Güncelleme Tarihi:
Asilzade Marquis d’Hervey, 19’uncu yüzyılda rüyaları üzerinde geliştirdiği çalışmalarda belli kokular, sesler ve tatlarla hatıraların geri getirilebileceğini gördü. ‘Rüyalar ve Onlara Nasıl Rehberlik Edebiliriz’ adlı kitabında deneylerini anlatan Marquis; araştırmaları için çalışanlarından da yardım aldı. Her ne kadar Marquis’in çalışmaları daha çok hoş ve bazen şehvetli anıları geri getirmekle ilgili olsa da günümüzdeki çalışmalar bu tekniği diğer alanlarda da kullanabileceğimizi gösteriyor.
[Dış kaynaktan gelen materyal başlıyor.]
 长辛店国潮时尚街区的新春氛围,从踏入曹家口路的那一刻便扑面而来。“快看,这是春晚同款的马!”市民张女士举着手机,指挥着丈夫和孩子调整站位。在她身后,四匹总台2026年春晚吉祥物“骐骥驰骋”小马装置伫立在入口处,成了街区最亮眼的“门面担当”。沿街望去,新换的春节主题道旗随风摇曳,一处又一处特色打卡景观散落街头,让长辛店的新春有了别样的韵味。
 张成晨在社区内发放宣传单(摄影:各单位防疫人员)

Tubingen Üniversitesi’nden Susanne Diekelmann, gönüllülerden Konsantrasyon Oyunu’nun bir benzerini oynamalarını isteyerek kokunun öğrenmedeki önemini inceledi. Yatmadan önce gönüllülerden belli bir model öğrenmelerini isteyen Diekelmann, bazılarına gizli olarak bir koku koklattı. Bu kişilerin beyin taramalarında kortikal bölge–hipokampus ilişkisinin kontrol grubuna göre yüzde 23 daha güçlü olduğu bulundu. Bu, araştırma grubunun hafızasının kokular tarafından güçlendiği anlamına geliyor. Fakat öğrenmeyi etkileyen duyular Marquis’in de belirttiği gibi sadece koku değil. Nature Neuroscience’da yayımlanan makaleye göre, uykuda hafif melodili müzik dinlemek Guitar Hero gibi oyunlardaki başarıyı artırıyor. Zürih Üniversitesi’nin araştırmasına göre aynı sistem Hollandaca öğrenmede de etkili.
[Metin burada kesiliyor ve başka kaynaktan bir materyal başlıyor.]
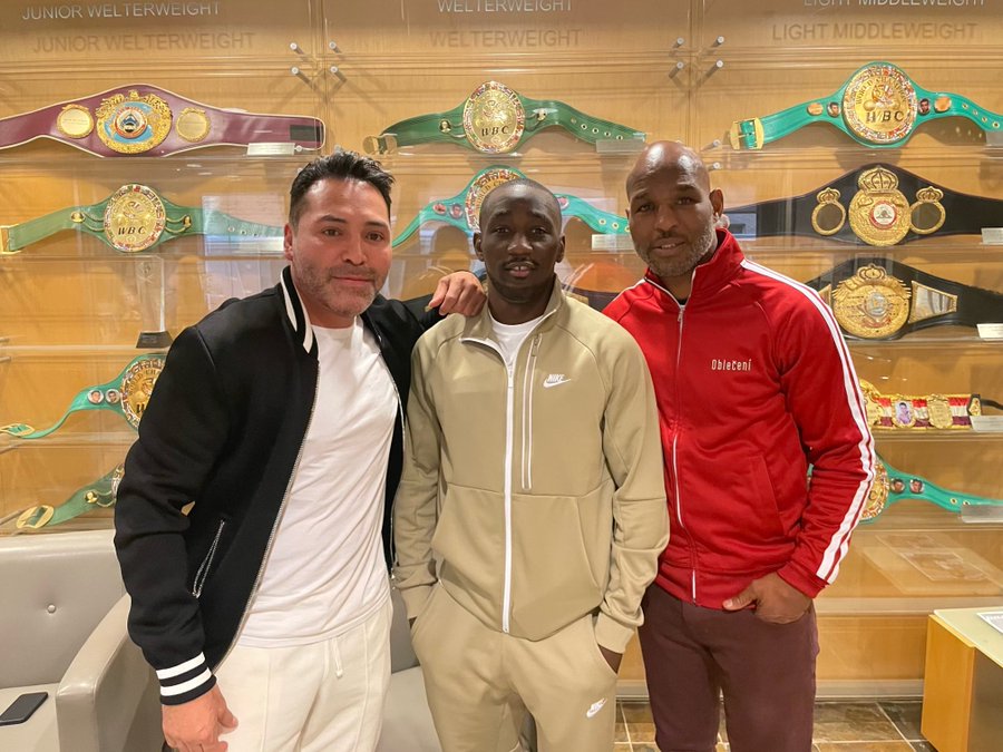 Golden Boy Promotions honcho, and Hall of Fame fighter, Oscar De La Hoya is working to sign WBO welterweight titlist Terence Crawford onto the roster. De La Hoya posted a pic of himself and Crawford, along with fellow Golden Boy Promotions honcho (and fellow Hall of Famer) Bernard Hopkins on Saturday night. De La Hoya then told Chris Mannix he’d like to see Crawford face Alexis Rocha. What’s more, De La Hoya made it clear he liked the idea of Crawford facing Virgil Ortiz after that. Lastly, and perhaps most importantly, De La Hoya said that he could make a much hoped for fight between Crawford and fellow welterweight titlist Errol Spence become a reality.
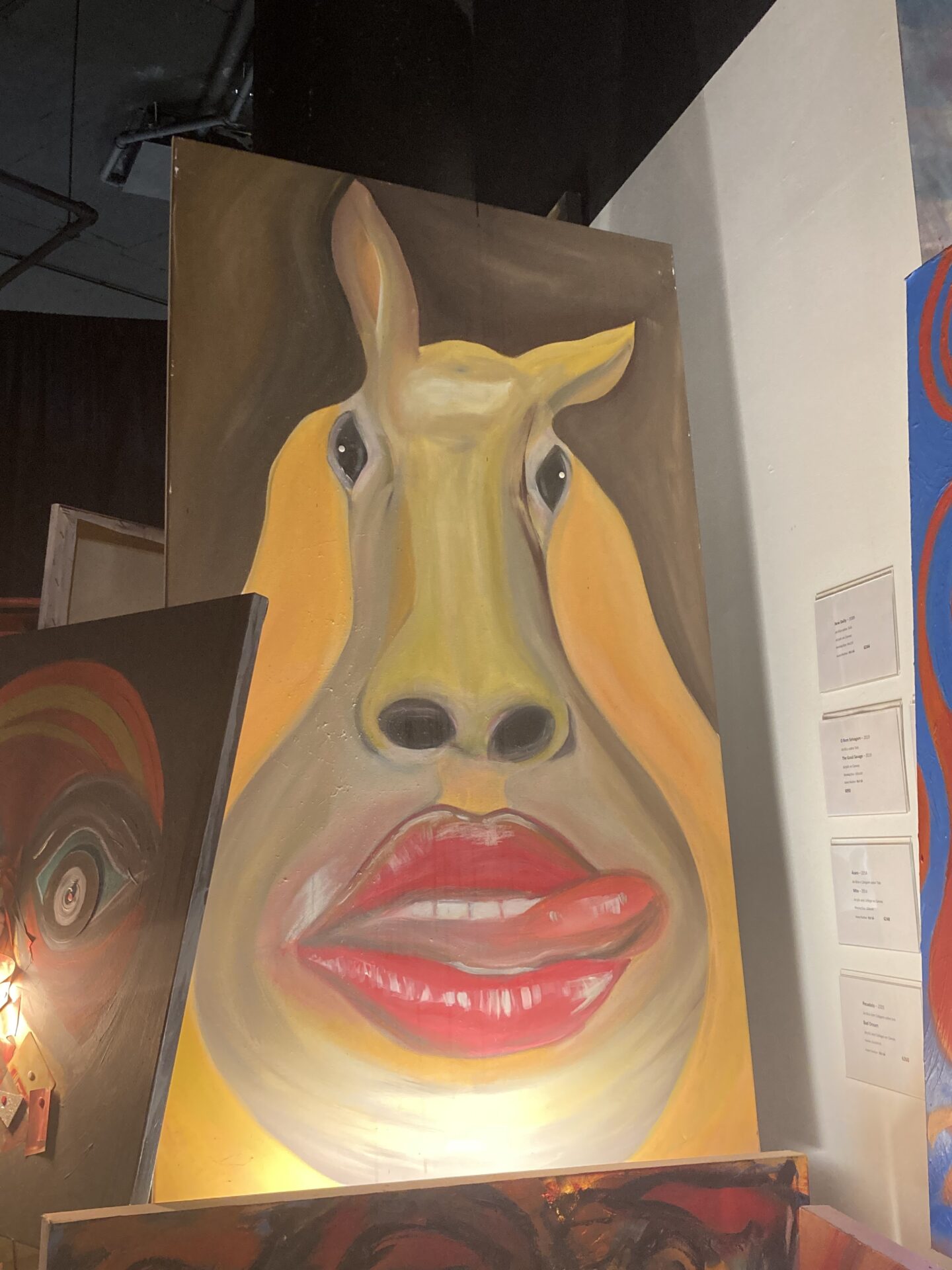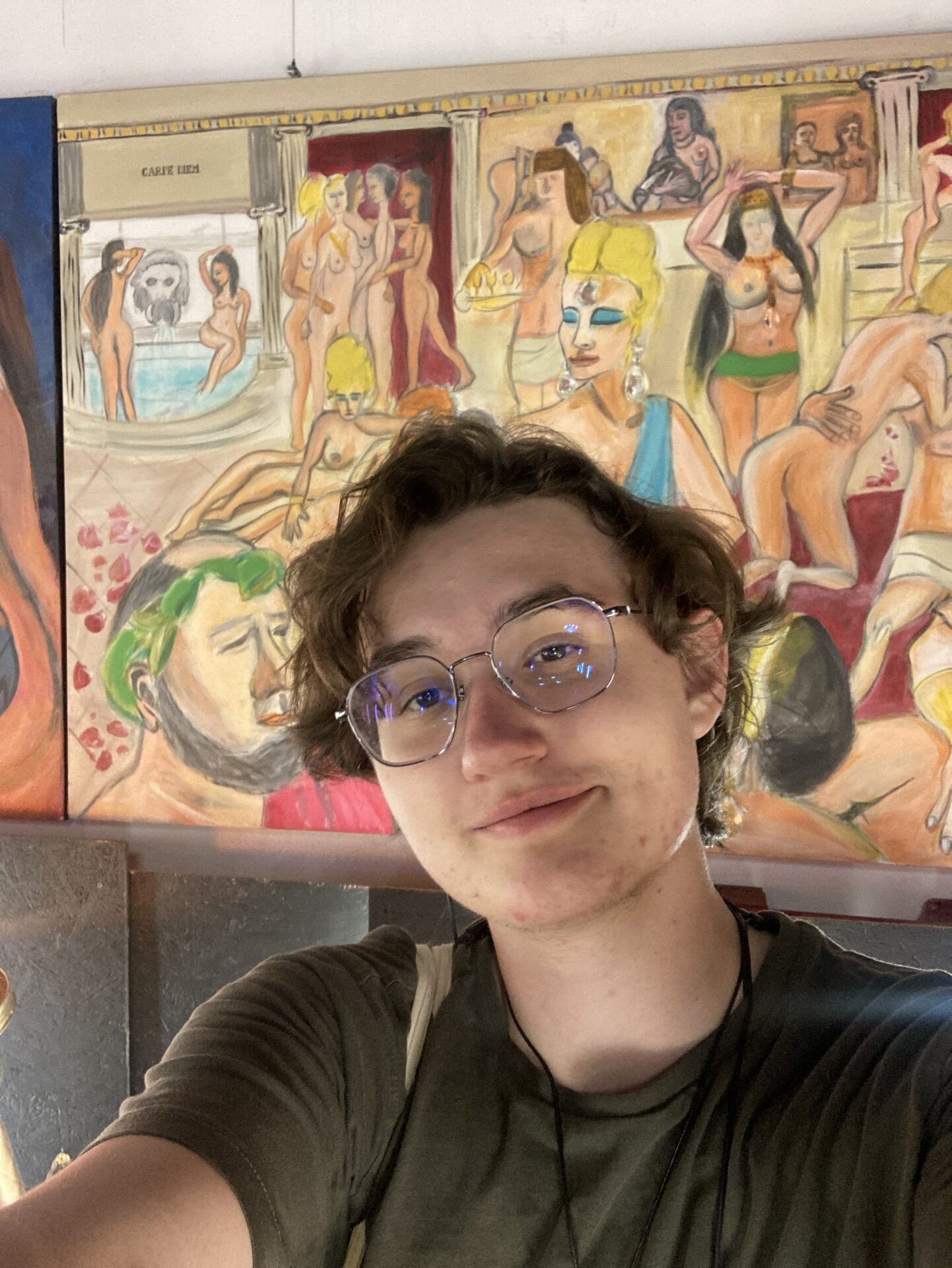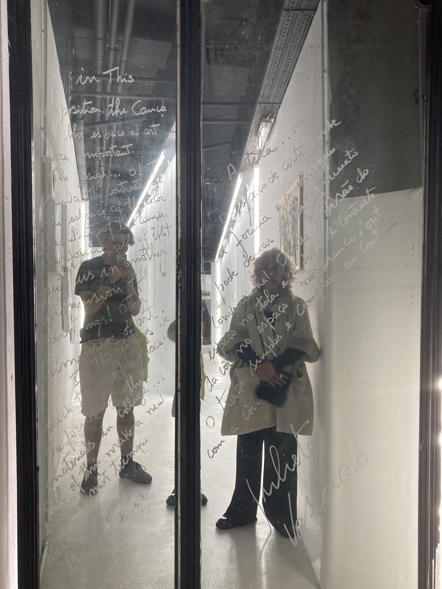 Statt einem Museum mit vielfältiger Kunst und diversesten Ausstellungsstücken, sollte ich schnell feststellen, dass bis auf einen Raum alle Räume die Werke eines einzigen Künstlers enthalten. Ruí Sa ist sein Name und er sprach mich bereits im ersten Raum an, um mir die tieferen Bedeutungen seiner Kunst zu erklären. Leider bestand der Großteil davon aus (halb-)nackten Frauen, besaß keinen Tiefgang und/oder keine überzeugende Ausführung. Viele der Räume waren mit Spezialeffekten ausgestattet; trotzdem konnte ich den meisten Kunstwerken nicht viel abgewinnen. Sie lösten einfach nichts in mir aus, waren in ihrer Bedeutung zu banal oder oberflächlich gewählt. Da ich kein großer Kunstkenner bin, ließ ich trotzdem alles auf mich wirken; „wer weiß, vielleicht ist das ja alles viel wert und Ruí Sa ein berühmter Künstler“, dachte ich mir. Zwischendurch wurde ich außerdem immer wieder von einer italienischen, älteren Damen angesprochen, die ebenfalls mit mir über die Werke in‘s Gespräch kommen wollte. Leider konnte ich sie durch ihre undeutliche Artikulation und wenigen Englischkenntnisse schwer verstehen. Es sollte sich herausstellen, dass ein Raum mit Julietas Vasconcelos Kunst, ihrer Kunst, gefüllt war. Stolz führte sie mich durch ihre Werke, die sehr abstrakt waren und aus wenigen Strichen und Klecksen auf kleinen Leinwänden bestanden. Ein Bild davon hatte sie mit „Der Premierminister von Montenegro“ betitelt und ich wusste nicht, ob das ein Kompliment oder eine Beleidigung an ihn sein sollte. Das Bild seht ihr unten in der Galerie, es folgt nach einem Foto von mir und der Künstlerin als Spiegelung. Aber auch hier dachte ich, ich hätte großes Glück, eine Privatführung mit der Künstlerin selbst zu bekommen. Auch nach der Führung war die Frau leider sehr aufdringlich, schenkte mir etwas Selbstgebasteltes und wollte mich gar nicht mehr gehen lassen.

Teknolojik gelişmeler yardımcı olabilir
Yakın gelecekte teknoloji, beynin uyku ritmini geliştirmeye yardımcı olabilir. Ana fikir, hafıza güçlendirme düşük dalgalı elektrik aktivitesinde gerçekleştiğinden, kişiyi uyandırmadan bu dalgaları daha etkili kılabilmek. Tubingen Üniversitesi’nden Jan Born, bu alandaki çalışmalarıyla tanınıyor. Kulaklık ve elektrotlardan oluşan bir setle müzik dinleten Born, bunun düşük dalgalı uykuyu derinleştirdiğini ve doğal bir ritim oluşturduğunu belirtiyor. Ayrıca Born’un bir diğer çalışmasında, kafatasına simülasyon cihazıyla verilen elektrik akımının sözel hafızayı güçlendirdiği görüldü. İsrail Technion Teknoloji Enstitüsü görevlisi Miriam Reiner’ın çözümü size daha ilgi çekici gelebilir. Reiner, kişinin nörolojik aktivitelerini uyanıkken kontrol edebilmesini hedefliyor. Deney, bilgisayar oyununda düşünceyle arabayı hareket ettirmek gibi aktiviteler içeriyor. Sonrasında gönüllülerden piyano gibi kompleks parmak oynatma sekanslarını öğrenmelerini isteyen Reiner, bununla nörolojik çalışmanın bıraktığı etkiyi gözlemliyor. Çalışmanın sonucunda araştırma grubunun yüzde 10 daha iyi olduğu görülüyor. Reiner, uyumaksızın uykunun faydalarından yararlanabileceğimizi kanıtlıyor.
Bilinmeyen Gelecek bize ne vaat ediyor?
Bahsedilen teknikleri günlük hayatta görmemiz için biraz beklememiz gerekiyor. Araştırmalar yapay ortamda gerçekleştirildiğinden, bu uygulamaların gerçek etkisini görebilmek güç. Diekelmann, bu ürünlerin yan etkilerinin bilinmediğini vurguluyor. Yani bu uygulamalar bir hatırayı/bilgiyi güçlendirirken, diğer hatıralara zarar verip vermediği bilinmiyor. Diekelmann, bu tarz uygulamaların gelecekte beyin yıkamalara yol açmayacağını düşünüyor ancak uykunun en savunmasız durumumuz olduğunun da altını çiziyor. Bahsedilen araştırmada kullanılan simülasyon cihazının belirli formları satışta. Bunun dışında akıllı telefonlarla çalışan EEG aletleri mevcut. Her ne kadar genel satışa sunulan ürünlerin başarısı belirsiz olsa da araştırmacılar, gelecekte bu tarz ürünlerin etkili bir şekilde kullanılabileceğine inanıyor. Kim bilir, belki yakın gelecekte kahve ve enerji içecekleri tarih olur!